KATHMANDU, Feb 23 (Reuters) - Nepal's Maoists have surrendered nearly 3,500 weapons as part of a peace deal with the government, but it was not clear if this accounted for all the arms in their possession, the chief U.N. monitor said on Friday.

The United Nations Mission in Nepal, which completed registering former Maoist fighters and weapons at the weekend, said nearly 31,000 ex-guerrillas, most of them unarmed, had turned up at 28 camps set up under the November peace deal.

"UNMIN is not and will not be in a position to state whether the weapons it has registered correspond to the full total of weapons held by the Maoist army," Ian Martin told a news conference.

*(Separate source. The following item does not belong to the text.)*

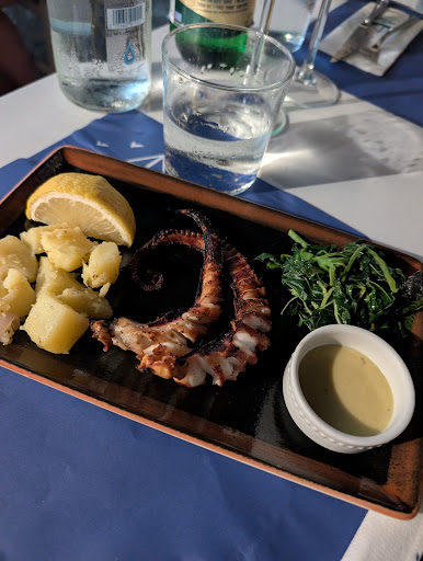 This was the worst restaurant I ate at in Greece. The dishes were expensive and the portions were extremely small. For the price, I expected a much larger main course. Furthermore, the food was not good: the stuffed squid and the octopus were rubbery. The last one in particular was ridiculous and should have been sold as an appetizer. Aside from the problem with the dishes, we were also seated at a table far away, against the wall, and the minute I arrived I could smell cat poop. And what's worse, in less than five minutes a cockroach appeared and climbed the wall, almost getting into the plate of the woman at the next table. Luckily for the place, the woman simply pushed the cockroach away with a paper napkin and didn't cause any fuss. Of course, the restaurant is in a port area and sometimes insects can appear, but in any case, this situation only contributed to the terrible experience. Finally, we had problems paying the bill; the employee had to go back and forth several times with a different card machine because there was no signal. In short: there are countless restaurants with a lower...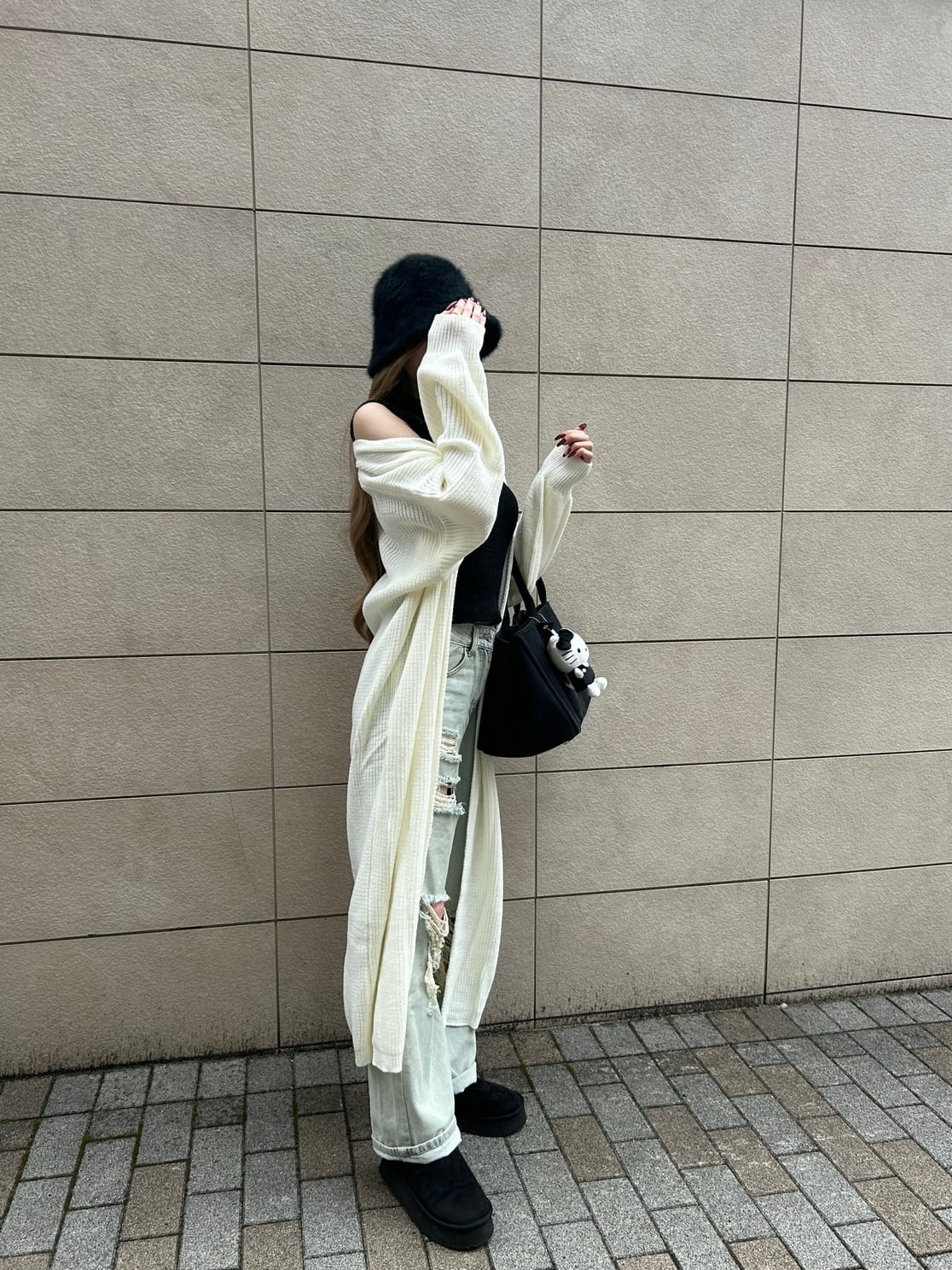 幅広いスタイリングに活躍するシンプルなホワイトロングカーディガンです。

The U.N. announcement is the first official account of the size of the Maoist army and its weapons since the peace deal ended a 10-year civil war in which more than 13,000 people were killed.

The pact has seen the former rebels join a provisional parliament and they are also due to enter the interim cabinet before elections to a constituent assembly this year.

Martin said the arms registered in seven main camps and stored in containers included mortars, machine guns, automatic rifles, shotguns and home-made weapons.

In the past, the Maoists had said they had 35,000 fighters but had not given details of their arms.

Defence analyst Indrajit Rai said it was estimated the Maoists had about 8,000 weapons.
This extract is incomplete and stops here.